* _To do_
The output should hold exactly, and only, the lines from the line bearing "Uczniowie uczą się" through the last line of the listing below, and no pictures.

* _Raw data_
++++

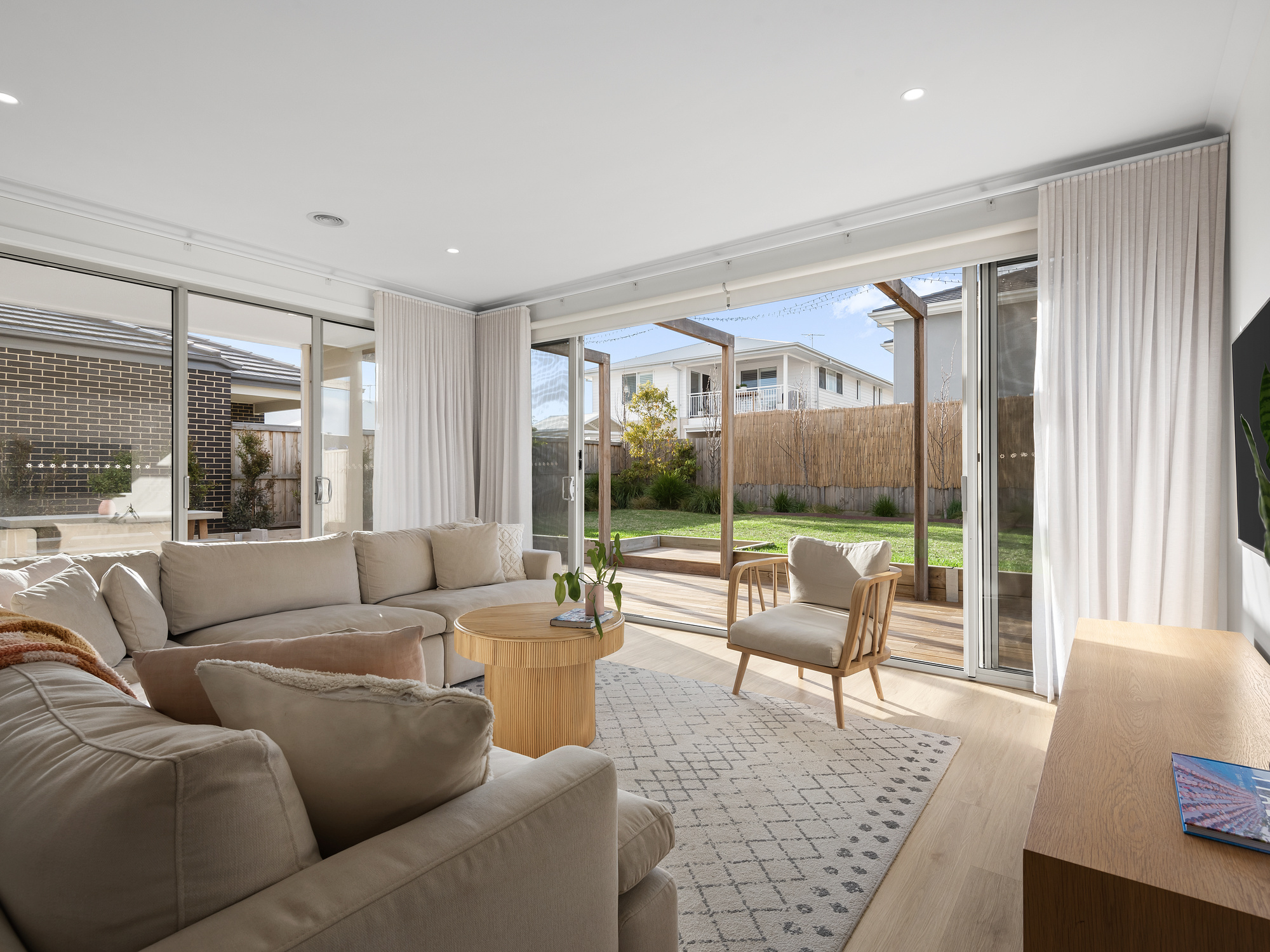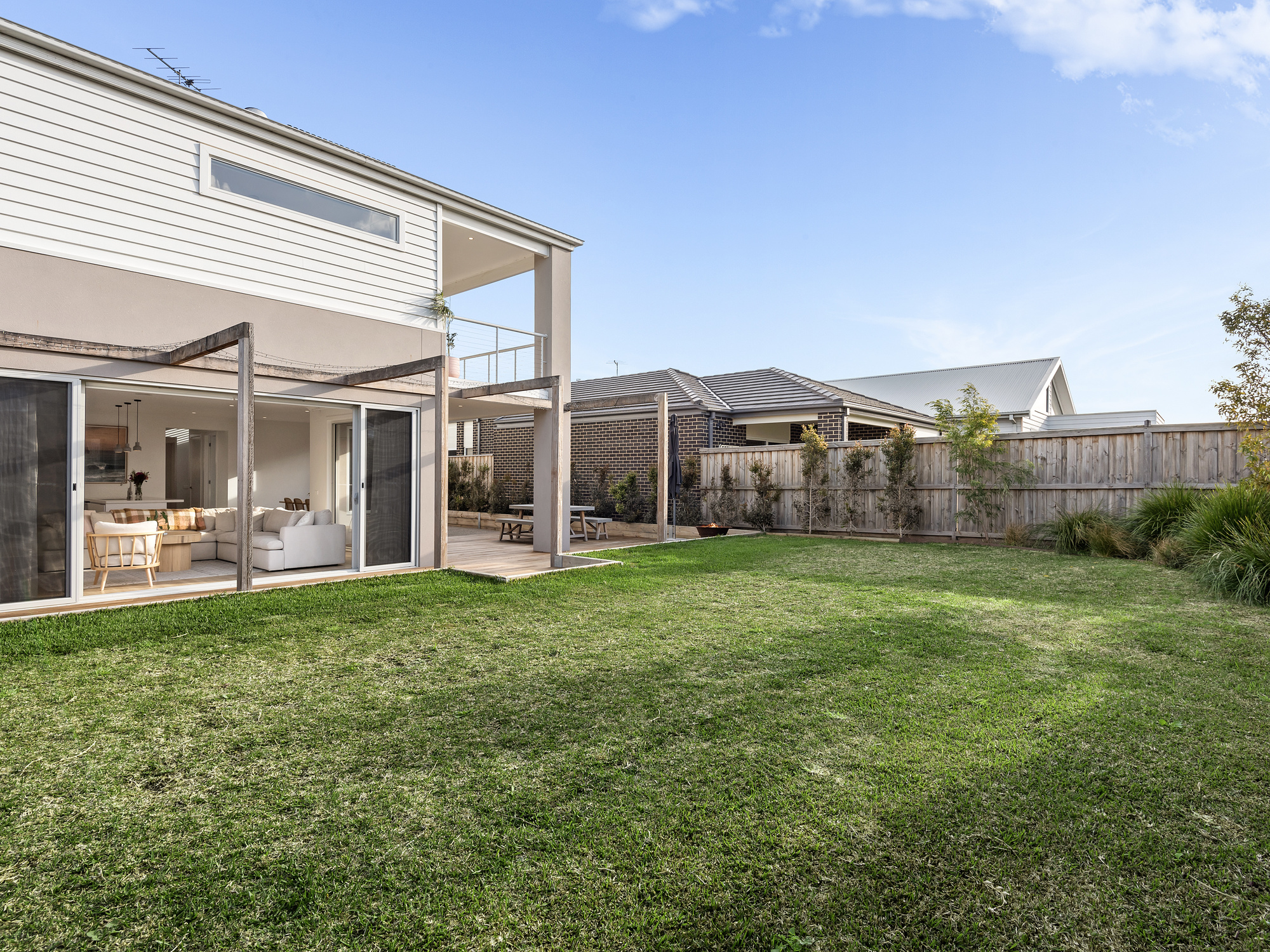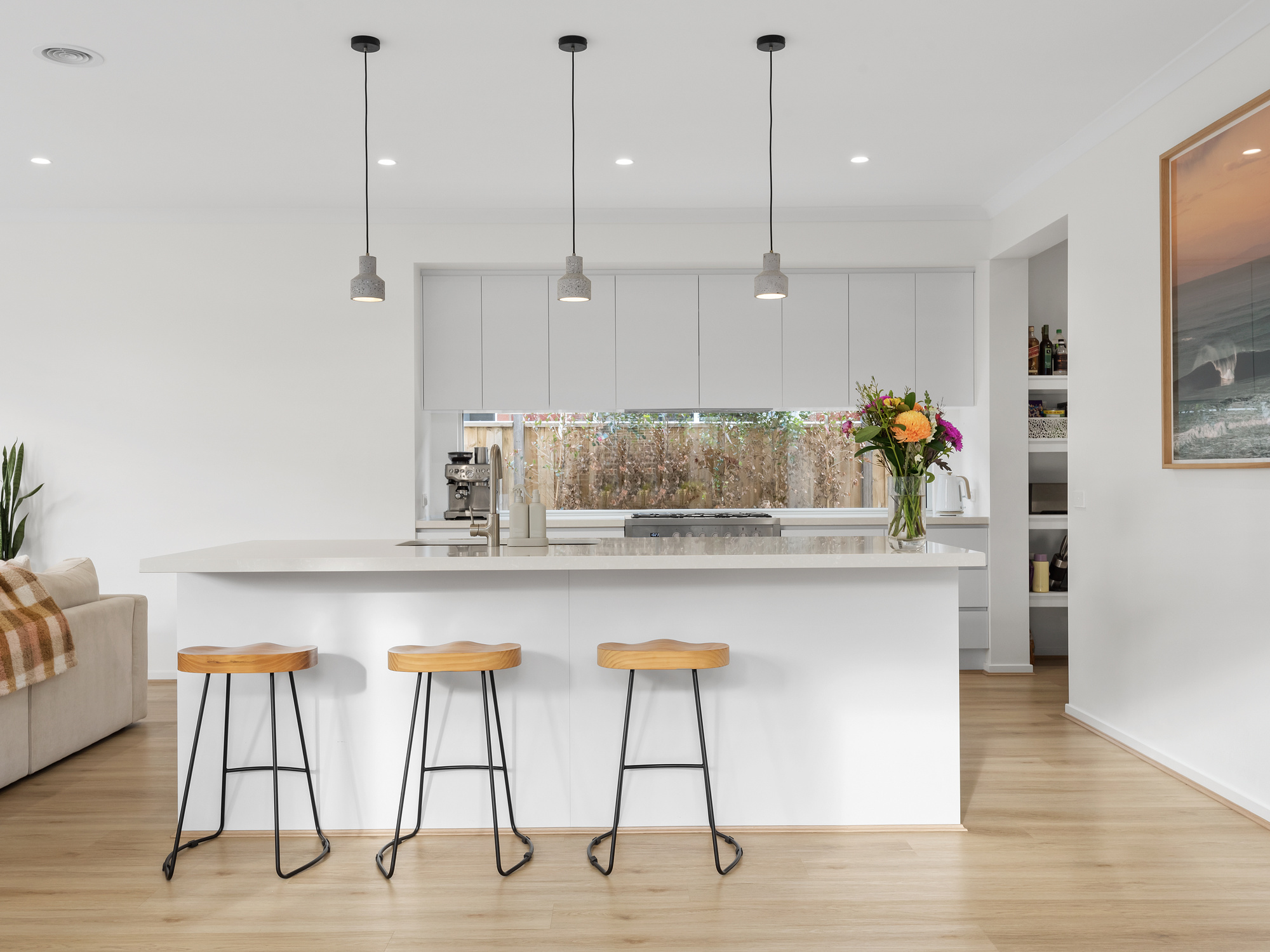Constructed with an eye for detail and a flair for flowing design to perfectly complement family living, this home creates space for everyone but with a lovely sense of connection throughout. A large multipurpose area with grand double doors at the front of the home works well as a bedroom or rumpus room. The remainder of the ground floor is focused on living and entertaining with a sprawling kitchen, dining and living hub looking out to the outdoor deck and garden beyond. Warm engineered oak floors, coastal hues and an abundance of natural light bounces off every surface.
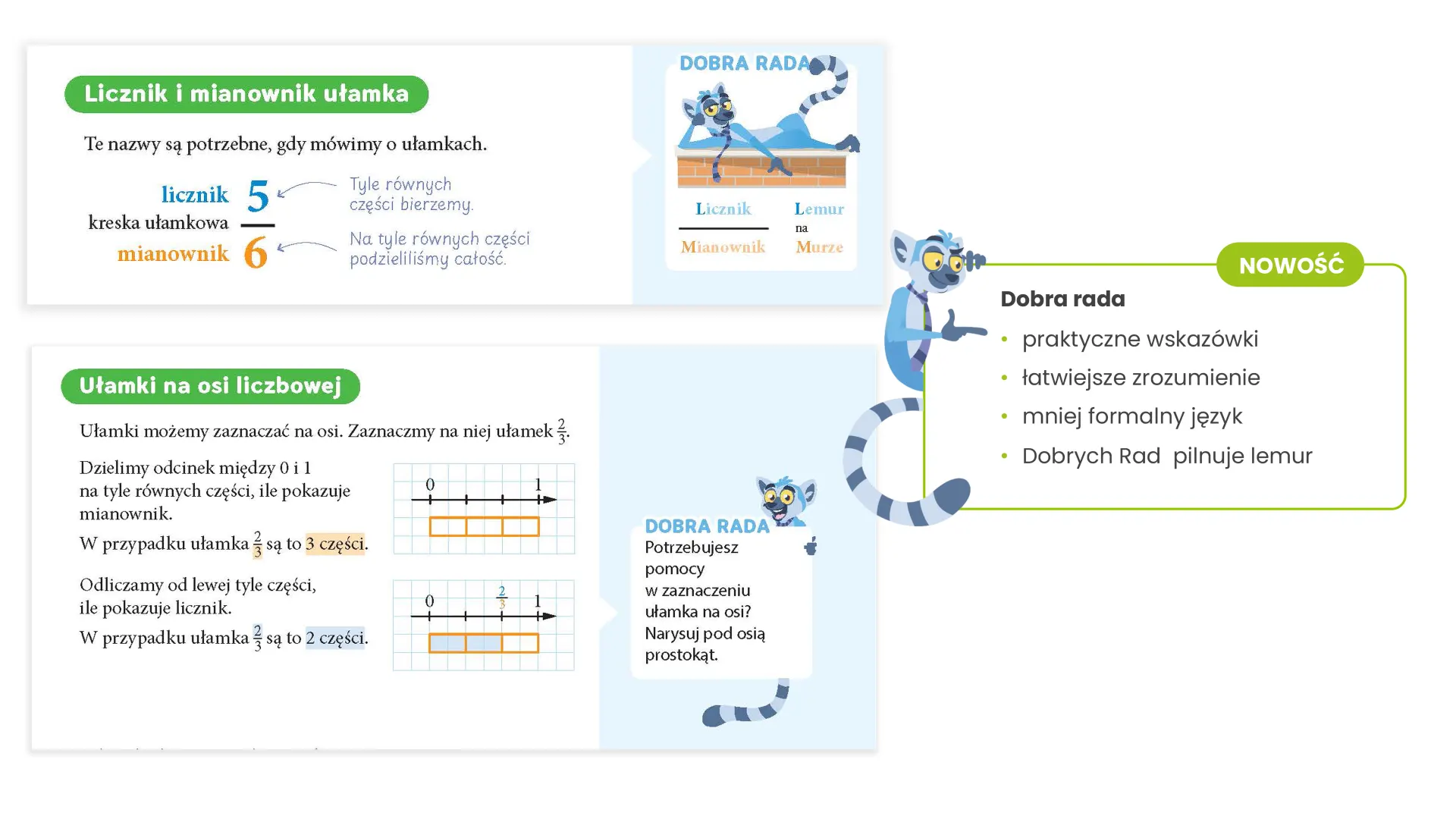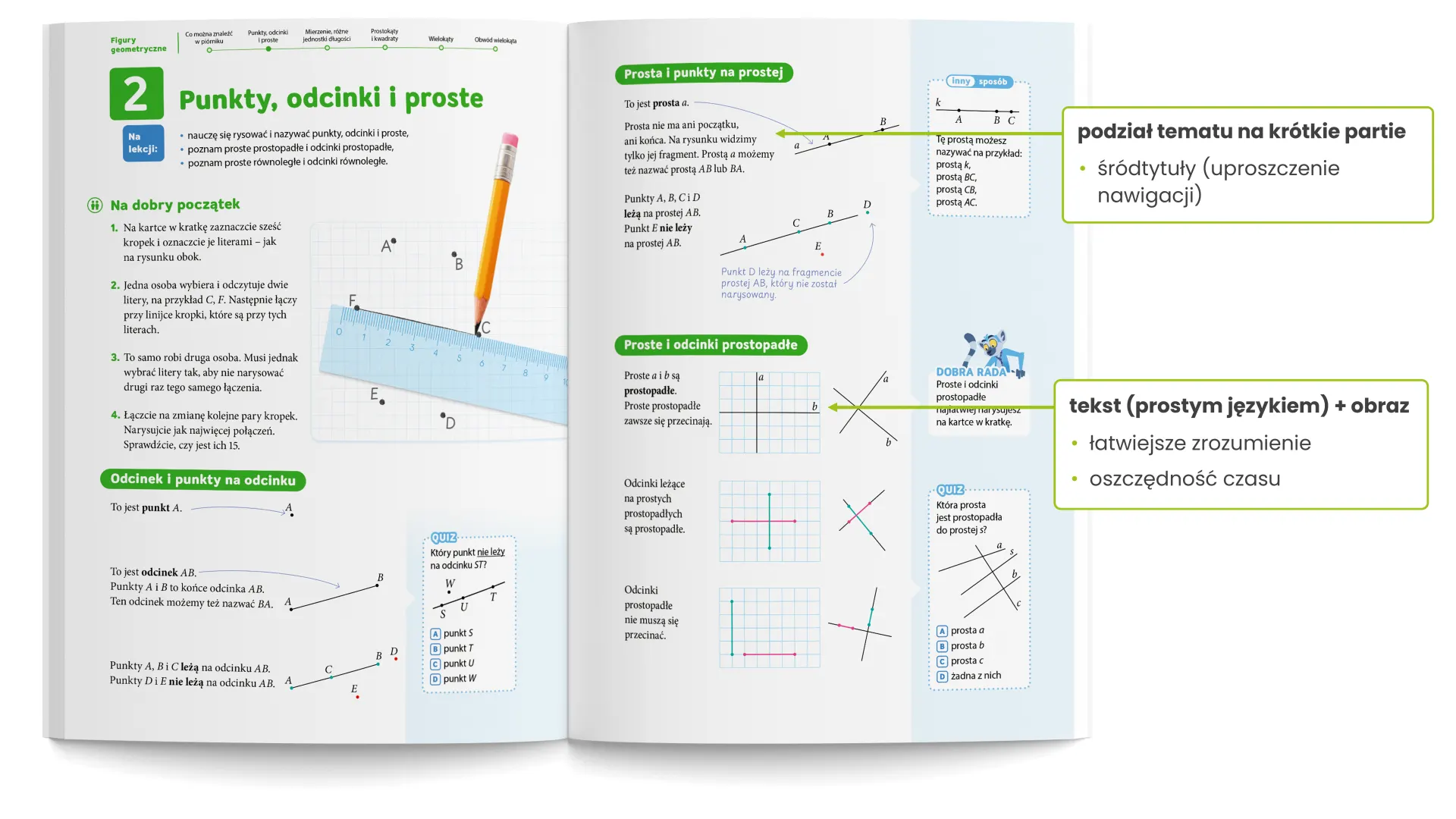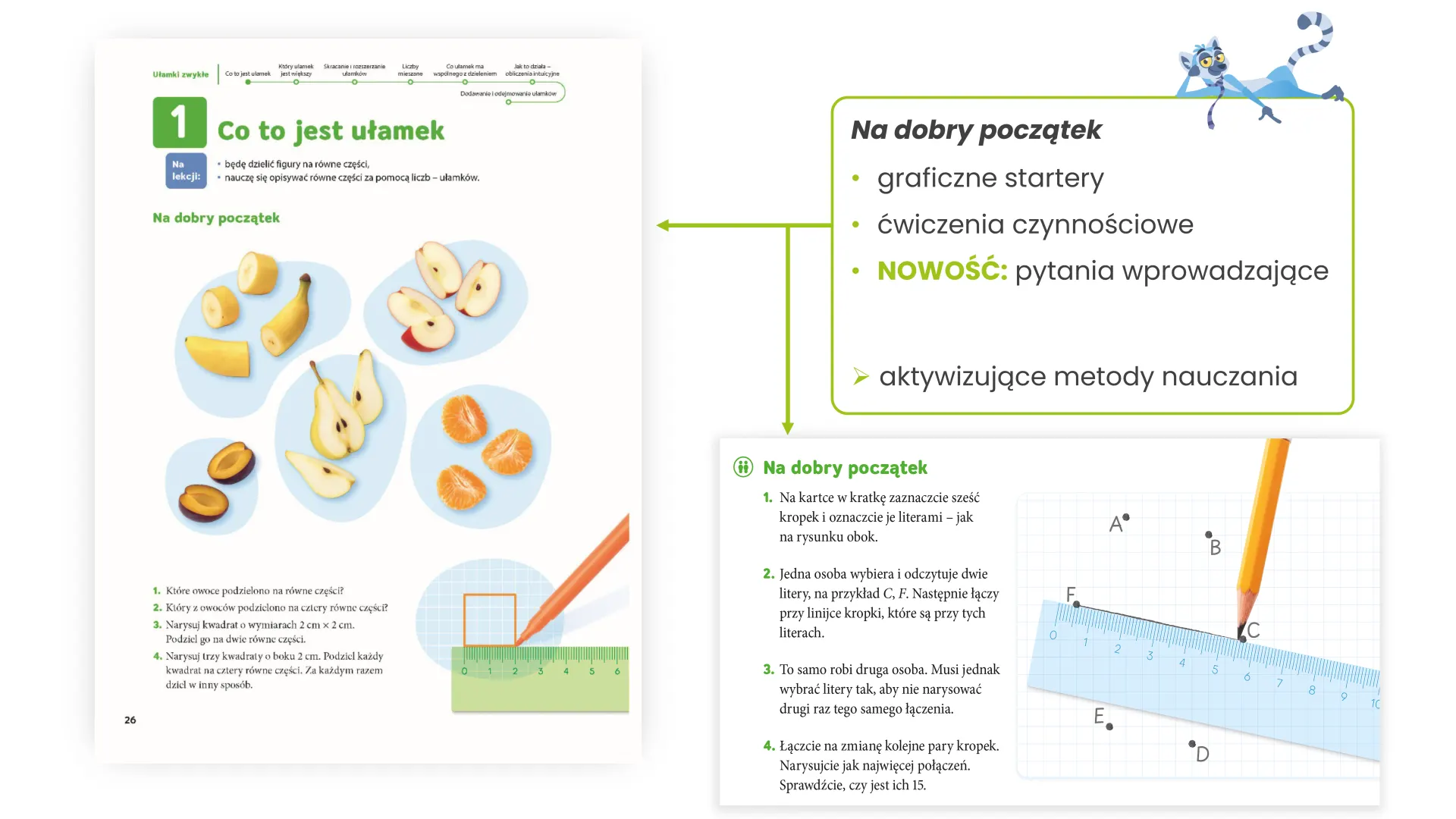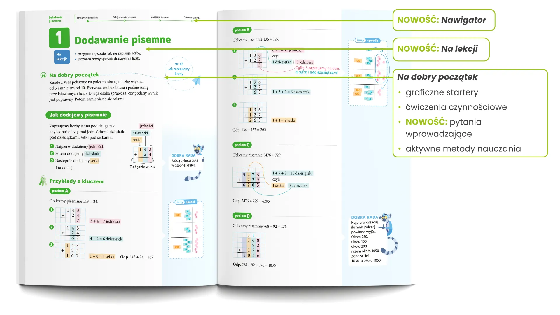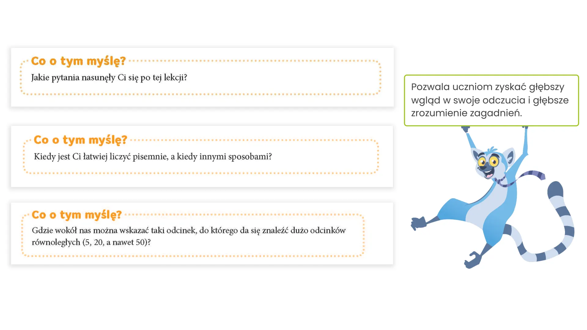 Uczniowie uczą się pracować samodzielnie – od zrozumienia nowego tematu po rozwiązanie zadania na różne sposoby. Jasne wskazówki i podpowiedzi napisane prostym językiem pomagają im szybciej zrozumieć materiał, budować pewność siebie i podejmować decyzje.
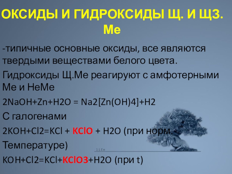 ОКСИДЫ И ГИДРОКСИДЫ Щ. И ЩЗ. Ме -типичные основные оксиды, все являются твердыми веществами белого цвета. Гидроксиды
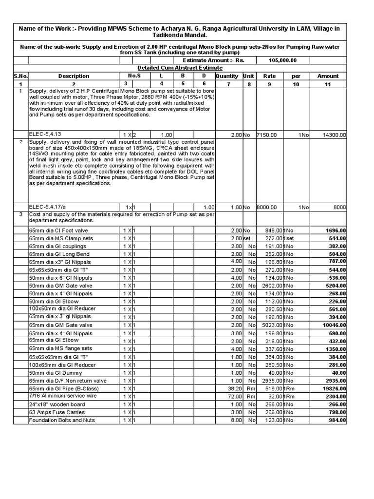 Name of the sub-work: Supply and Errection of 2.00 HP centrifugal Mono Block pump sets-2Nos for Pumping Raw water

++++

* _Reply_
 Uczniowie uczą się pracować samodzielnie – od zrozumienia nowego tematu po rozwiązanie zadania na różne sposoby. Jasne wskazówki i podpowiedzi napisane prostym językiem pomagają im szybciej zrozumieć materiał, budować pewność siebie i podejmować decyzje.
 ОКСИДЫ И ГИДРОКСИДЫ Щ. И ЩЗ. Ме -типичные основные оксиды, все являются твердыми веществами белого цвета. Гидроксиды
 Name of the sub-work: Supply and Errection of 2.00 HP centrifugal Mono Block pump sets-2Nos for Pumping Raw water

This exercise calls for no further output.